The chances of a person getting killed by an officer are about 0.00026 percent.  The chances of that same person getting struck by lightning at some point in their life is 0.033 percent.

According to the most recent “Police-Public Contact Survey” published by the Bureau of Justice Statistics in 2018, 6.14 million black Americans and 6.68 Hispanic Americans above the age of 16 had some sort of contact with police in 2015.

Just 3.3 percent of black people and 3.0 percent of Hispanics reported these encounters included “nonfatal threats or use of force” from officers.

Even in those encounters in which there was the use or threat of force in 2015 (the most recent year for which such comprehensive data is available), just 258 out of 201,100 black people were killed—a total of 0.12 percent.  Just 0.084 percent of Hispanics (172 out of 203,100) were killed in encounters that featured the threat or use of force by an officer.

Moreover, the most comprehensive study of police killings ever published (in Proceedings of the National Academy of Sciences last year) studied every single incident that occurred in 2015 and concluded definitively that there is “no overall evidence of anti-Black or anti-Hispanic disparities in fatal shootings.”

Just 94 people out of the 53.5 million who had any contact with the police in 2015 were killed.  That’s a 0.00017 percent chance of being killed by police while unarmed!

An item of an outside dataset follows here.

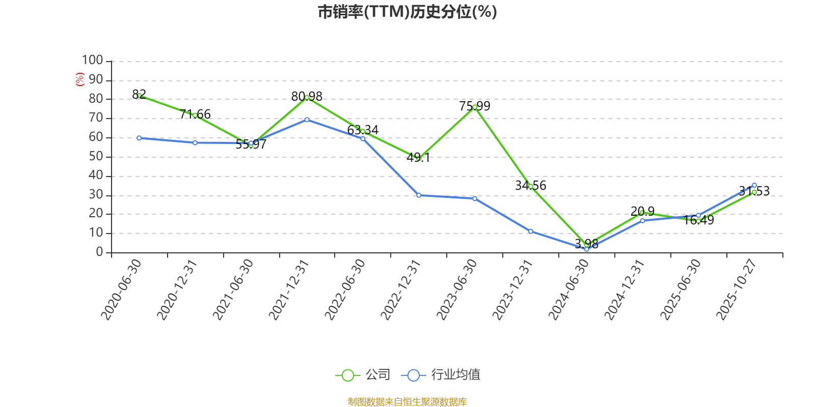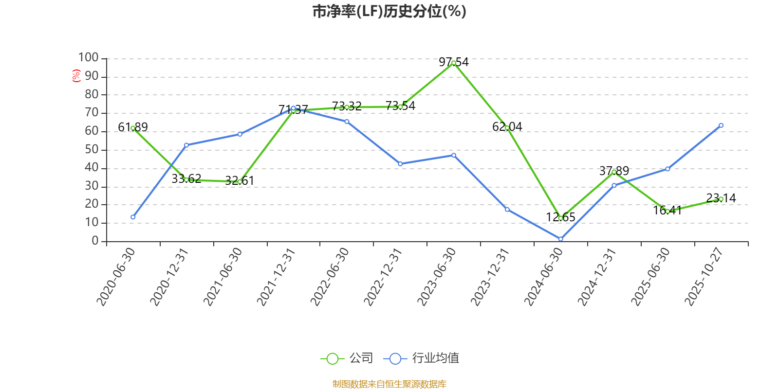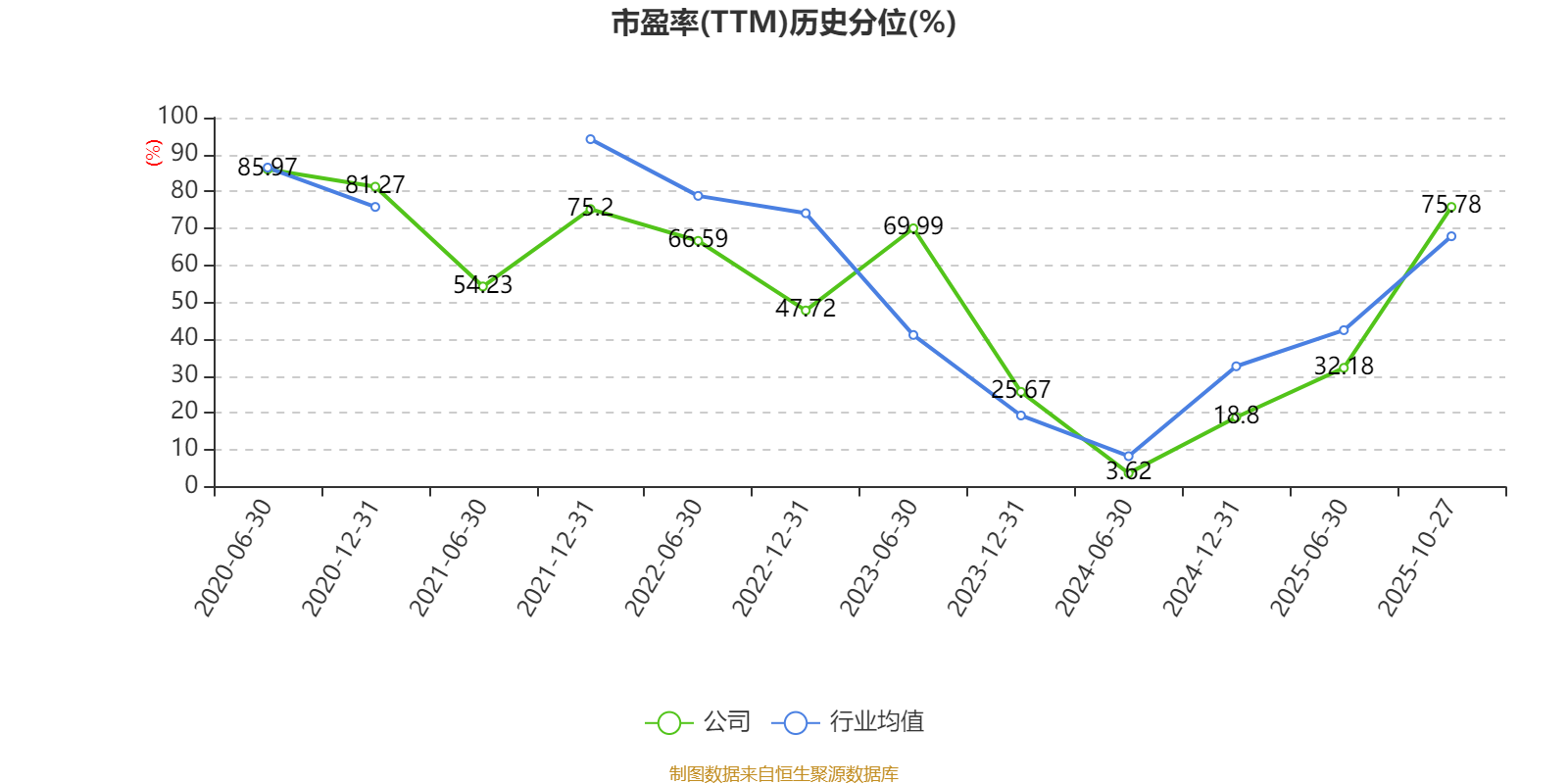 市盈率、市净率为负时,不显示当期分位数,会导致折线图中断。

“Between 90 and 95 percent of the civilians shot by officers in 2015 were attacking police or other citizens,” the study found.  “90 percent were armed with a weapon.”

This means that just 94 people out of the 53.5 million who had any contact with the police in 2015 were killed.  That’s a 0.00017 percent chance of being killed by police while unarmed!

While it does happen, it is exceedingly rare, and as a 2016 Harvard University study also concluded, there were “no racial differences in either the raw data or when contextual factors are taken into account” and “no racial bias” on the part of officers who use deadly force.

“It is the most surprising result of my career,” said the study’s author, Roland G. Fryer Jr. in an unintended admission regarding the role of media hype in crafting the “out-of-control racist police officers” narrative.

There is no actual evidence supporting the contention that police officers are racist murderers and thus need to be taken off the streets, and there are thousands of years of history demonstrating the necessity of law enforcement for the effective functioning of a civilized society.

As long as there are people who won’t return their shopping carts, there are people who won’t obey society’s rules—both unspoken and codified.

Police officers are and have always been needed to protect society from them.